Climate Activism No Pretext for Assault on Capitalism: UK’s Johnson

Climate Activism No Pretext for Assault on Capitalism: UK’s Johnson
British Prime Minister Boris Johnson addresses the 76th Session of the U.N. General Assembly in New York City on Sept. 22, 2021. Eduardo Munoz - Pool/Getty Images
Alexander Zhang
Updated:

British Prime Minister Boris Johnson told the United Nations on Wednesday that he did not agree with environmental activists who use climate change as a pretext to attack capitalism.

Addressing the U.N. General Assembly, Johnson said: “I don’t see the green movement as a pretext for a wholesale assault on capitalism.
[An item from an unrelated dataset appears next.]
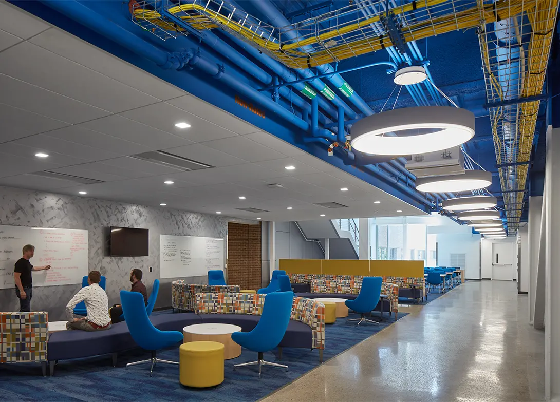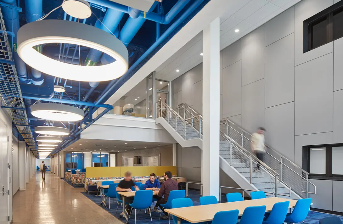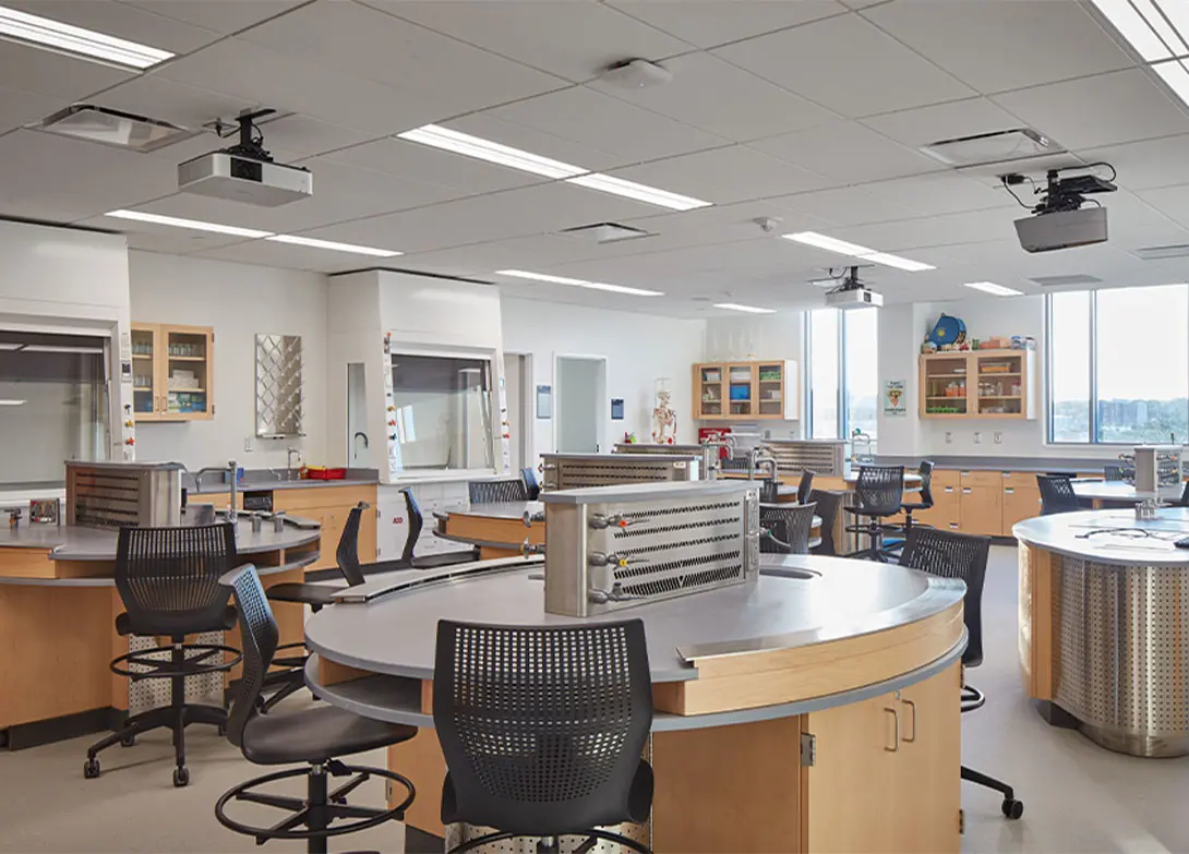 Spread across four stories, the addition introduces a wide range of specialized environments. A soaring high-bay laboratory supports vibration and automotive experiments, while new wet labs serve bioscience and chemistry. Engineering labs add further flexibility for research and applied study. At the center of the third floor, a suite of large, general-purpose classrooms consolidates learning across disciplines. By drawing students from every STEM field into a shared academic core, the design prevents silos and sparks opportunities for cross-disciplinary discovery.

Far from it.”

Extinction Rebellion, a climate activist group driven by an extreme anti-capitalist ideology, has in recent years been trying to rally people to its cause by deliberately causing disruption.

The group staged prolonged demonstrations in April and October 2019 and September 2020, when protesters blocked entrances, halted traffic, glued themselves to buildings and roads, defaced a statue of Britain’s wartime Prime Minister Winston Churchill, and disrupted newspaper printing.

UK Home Secretary Priti Patel described the group as “so-called eco-crusaders turned criminals,” and the London Metropolitan Police said last month more than £50 million ($68 million) had been spent on policing Extinction Rebellion protests since 2019.
Earlier this month, activists from Insulate Britain, another campaign group, shut down parts of the M25—the UK’s busiest motorway—five times in just over a week.

But Johnson suggested that the activists’ anti-capitalist message is misguided, arguing that capitalism and free markets can actually help cut emissions.

“The whole experience of the COVID pandemic is that the way to fix the problem is through science and innovation, the breakthroughs and the investment that are made possible by capitalism and by free markets, and it is through our Promethean faith in new green technology that we are cutting emissions in the UK,” he said.

To cut emissions, the U.N. has urged wealthy countries to end the use of coal power by 2030, and the rest of the world should do so by 2040.

Johnson said this is an “ambitious” target but “the experience of the UK shows that it can be done.”

“When I was a kid we produced almost 80 percent of our electricity from coal; that is now down to 2 percent or less and will be gone altogether by 2024,” he said.

Johnson said last year that the UK has got “huge, huge gusts of wind” and he wanted to turn the country into the “Saudi Arabia of wind power.”

But earlier this month, the UK was forced to fire up a coal power plant to ensure electricity supply, as low winds prevented the country’s wind farms from generating as much power as expected.

The power plant—West Burton A—is energy firm EDF’s only remaining coal-fired power station. In March, the company announced it had decided to decommission the plant in September 2022.

At the time, EDF said it was “the right time” to make the decision “in this key year for UK leadership on climate change.”

Lily Zhou contributed to this report.